[NTG-context] PDF Signature Fields
Henning Hraban Ramm
texml at fiee.net
Wed Mar 9 17:20:07 CET 2016
Am 2016-03-09 um 22:04 schrieb Andreas Schneider <aksdb at gmx.de>:
> Very good point(s).
> Just for more reference:
> We use such forms heavily in-house, sometimes with a multi-stage approach.
> Example: the employee fills out his details, etc., and signs that part. The fields he had to fill are now locked (but saved, ofcourse ;-)). That PDF is now sent to his or her boss, who fills out the organisational details, and signs that part. Finally the PDF goes to HR or whoever who gives the final signature. Since all employees have signature cards (chips with PKCS signatures on them) the whole process get's safe, accountable and paper-free. In the past stuff like this required printing, hand-signing, scanning, sending, printing-again, ... you get the idea.
> These forms are currently handcrafted using Acrobat.
> I will analyse the resulting PDF streams, try to match that against the PDF spec and what the eforms-package does.
> If that lines up, I'll provide the necessary details here.
You can already create the forms with ConTeXt and then extend them with Acrobat - that’s at least a lot less work.
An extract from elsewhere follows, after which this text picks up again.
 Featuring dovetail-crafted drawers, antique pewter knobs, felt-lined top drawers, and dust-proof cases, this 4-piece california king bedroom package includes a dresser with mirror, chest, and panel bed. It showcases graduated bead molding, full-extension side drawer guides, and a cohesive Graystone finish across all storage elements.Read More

I’m not up-to-date WRT PDF specs, previously all the signature stuff wasn’t in a public spec. But if there exists a LaTeX package, it can’t be that hard any more.
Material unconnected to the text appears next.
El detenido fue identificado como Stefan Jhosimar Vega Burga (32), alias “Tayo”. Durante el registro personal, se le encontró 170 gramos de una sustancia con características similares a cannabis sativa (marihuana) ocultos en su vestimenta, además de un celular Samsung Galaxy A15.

I recently created forms for a kindergarten patron foundation - parents have to fill more than 50 pages of forms, each in two copies, for all the necessary details and responsibilities. Most of the fields are used several times (name and birthday of the child, name and address of the kindergarten etc.) Because it was easy, I made interactive forms and suggested to evaluate them with a script that transfers the data into a database. Unfortunately, the teachers seem to be computer illiterate, they want to fill out everything manually (or have the parents do it). Maybe they’re just sadomasochists.